Records from a data source:
——

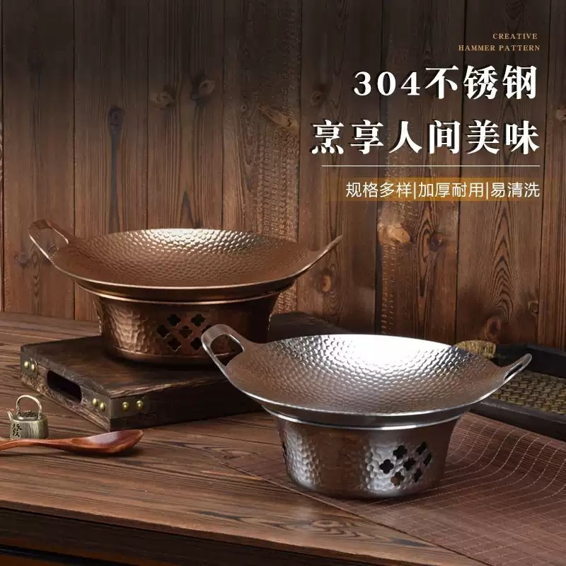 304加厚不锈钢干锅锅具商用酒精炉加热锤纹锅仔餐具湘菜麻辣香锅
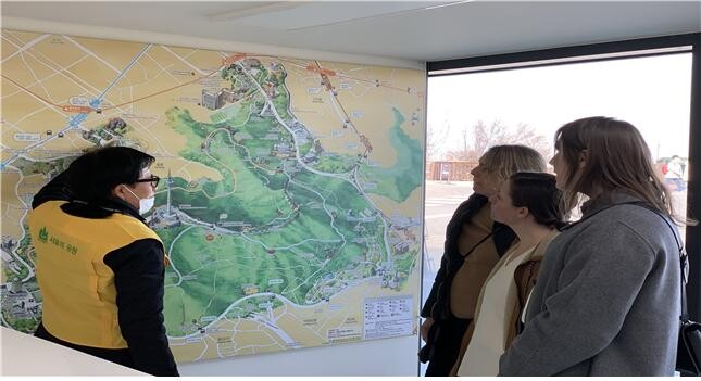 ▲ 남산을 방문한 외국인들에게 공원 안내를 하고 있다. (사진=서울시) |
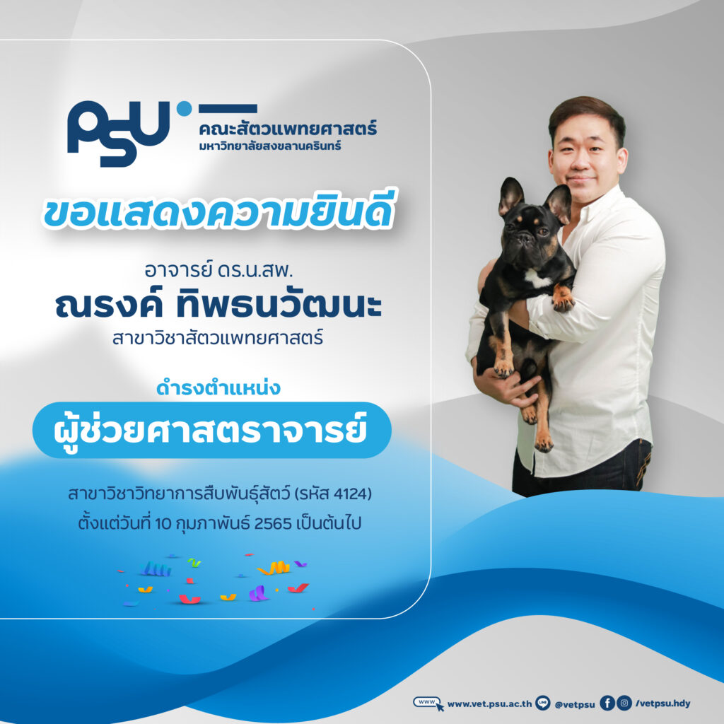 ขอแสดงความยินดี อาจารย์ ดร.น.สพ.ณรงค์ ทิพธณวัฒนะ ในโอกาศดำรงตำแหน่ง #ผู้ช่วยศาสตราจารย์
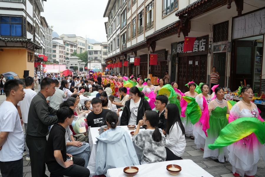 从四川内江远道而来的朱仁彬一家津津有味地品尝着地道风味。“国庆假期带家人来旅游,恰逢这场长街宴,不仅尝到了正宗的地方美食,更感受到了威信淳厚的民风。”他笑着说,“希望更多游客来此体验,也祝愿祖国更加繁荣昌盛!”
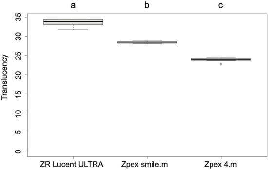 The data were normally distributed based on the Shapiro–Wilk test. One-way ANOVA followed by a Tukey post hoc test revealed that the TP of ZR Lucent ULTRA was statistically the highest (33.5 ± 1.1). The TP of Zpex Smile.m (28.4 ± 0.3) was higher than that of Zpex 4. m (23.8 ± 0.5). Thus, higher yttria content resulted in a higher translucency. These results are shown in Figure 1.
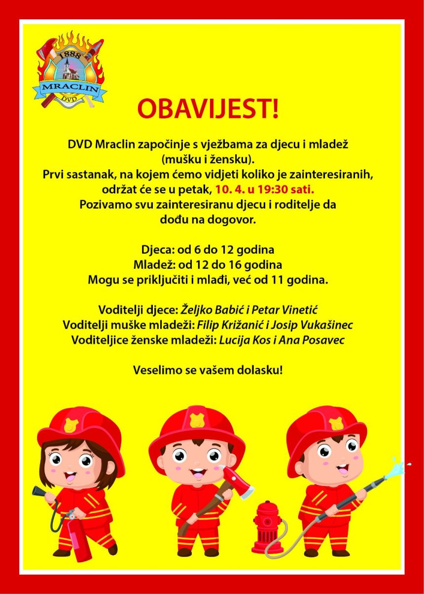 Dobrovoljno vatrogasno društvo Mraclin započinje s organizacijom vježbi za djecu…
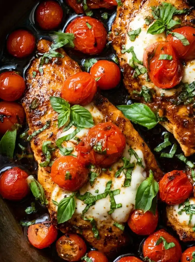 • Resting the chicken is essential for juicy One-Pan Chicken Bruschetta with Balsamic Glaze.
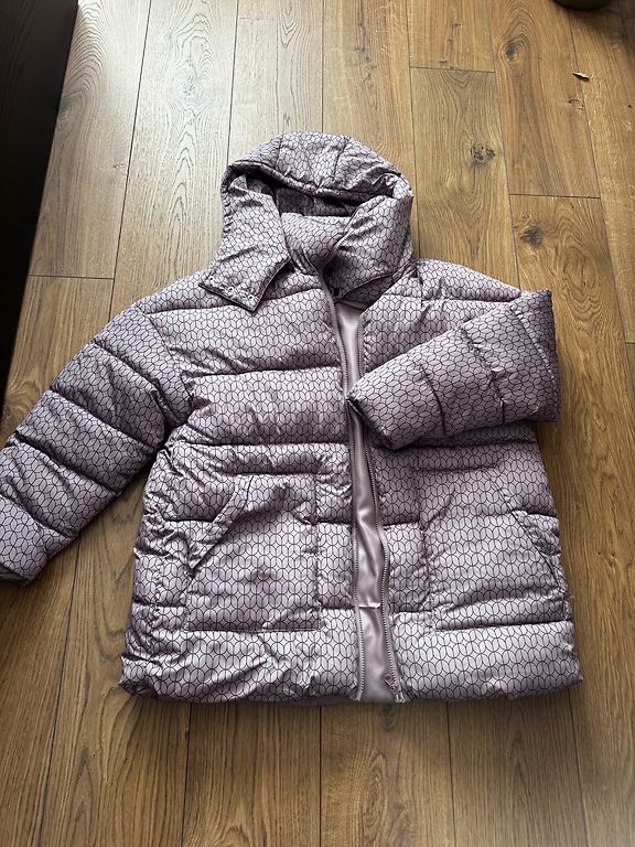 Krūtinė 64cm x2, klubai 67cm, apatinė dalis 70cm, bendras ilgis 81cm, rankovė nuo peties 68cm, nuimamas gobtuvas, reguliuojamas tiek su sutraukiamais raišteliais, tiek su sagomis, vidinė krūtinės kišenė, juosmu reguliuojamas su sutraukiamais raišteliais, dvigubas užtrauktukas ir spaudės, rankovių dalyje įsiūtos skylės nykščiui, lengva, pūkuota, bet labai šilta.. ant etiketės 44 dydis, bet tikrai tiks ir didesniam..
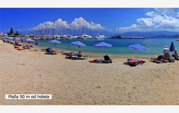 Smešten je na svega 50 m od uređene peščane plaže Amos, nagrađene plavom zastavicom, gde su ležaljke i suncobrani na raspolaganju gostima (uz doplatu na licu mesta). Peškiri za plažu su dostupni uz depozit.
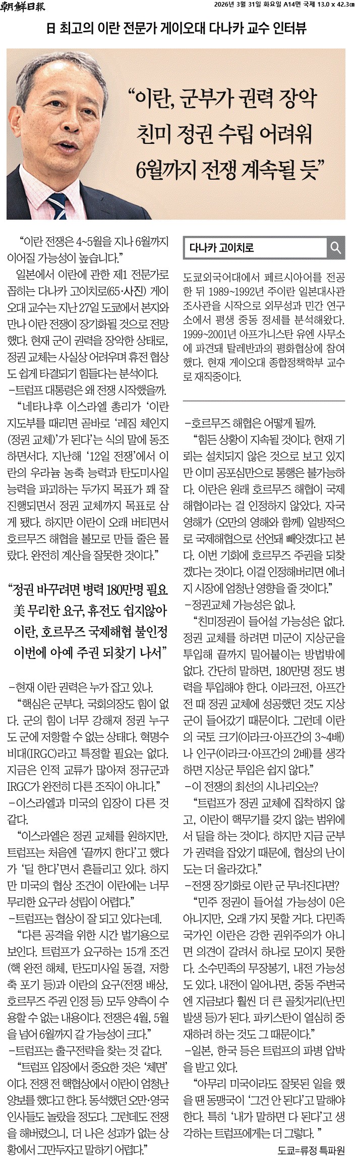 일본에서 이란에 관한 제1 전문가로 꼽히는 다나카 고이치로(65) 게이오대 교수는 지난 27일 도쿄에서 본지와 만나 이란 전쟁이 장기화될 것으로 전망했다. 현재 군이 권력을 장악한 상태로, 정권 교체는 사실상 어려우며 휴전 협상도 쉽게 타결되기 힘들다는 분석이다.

——

» PROBLEM
An exact copy of the records is required. Pictures do not belong in it.

» ANSWER TO THIS TASK
 304加厚不锈钢干锅锅具商用酒精炉加热锤纹锅仔餐具湘菜麻辣香锅
 ▲ 남산을 방문한 외국인들에게 공원 안내를 하고 있다. (사진=서울시) |
 ขอแสดงความยินดี อาจารย์ ดร.น.สพ.ณรงค์ ทิพธณวัฒนะ ในโอกาศดำรงตำแหน่ง #ผู้ช่วยศาสตราจารย์
 从四川内江远道而来的朱仁彬一家津津有味地品尝着地道风味。“国庆假期带家人来旅游,恰逢这场长街宴,不仅尝到了正宗的地方美食,更感受到了威信淳厚的民风。”他笑着说,“希望更多游客来此体验,也祝愿祖国更加繁荣昌盛!”
 The data were normally distributed based on the Shapiro–Wilk test. One-way ANOVA followed by a Tukey post hoc test revealed that the TP of ZR Lucent ULTRA was statistically the highest (33.5 ± 1.1). The TP of Zpex Smile.m (28.4 ± 0.3) was higher than that of Zpex 4. m (23.8 ± 0.5). Thus, higher yttria content resulted in a higher translucency. These results are shown in Figure 1.
 Dobrovoljno vatrogasno društvo Mraclin započinje s organizacijom vježbi za djecu…
 • Resting the chicken is essential for juicy One-Pan Chicken Bruschetta with Balsamic Glaze.
 Krūtinė 64cm x2, klubai 67cm, apatinė dalis 70cm, bendras ilgis 81cm, rankovė nuo peties 68cm, nuimamas gobtuvas, reguliuojamas tiek su sutraukiamais raišteliais, tiek su sagomis, vidinė krūtinės kišenė, juosmu reguliuojamas su sutraukiamais raišteliais, dvigubas užtrauktukas ir spaudės, rankovių dalyje įsiūtos skylės nykščiui, lengva, pūkuota, bet labai šilta.. ant etiketės 44 dydis, bet tikrai tiks ir didesniam..
 Smešten je na svega 50 m od uređene peščane plaže Amos, nagrađene plavom zastavicom, gde su ležaljke i suncobrani na raspolaganju gostima (uz doplatu na licu mesta). Peškiri za plažu su dostupni uz depozit.
 일본에서 이란에 관한 제1 전문가로 꼽히는 다나카 고이치로(65) 게이오대 교수는 지난 27일 도쿄에서 본지와 만나 이란 전쟁이 장기화될 것으로 전망했다. 현재 군이 권력을 장악한 상태로, 정권 교체는 사실상 어려우며 휴전 협상도 쉽게 타결되기 힘들다는 분석이다.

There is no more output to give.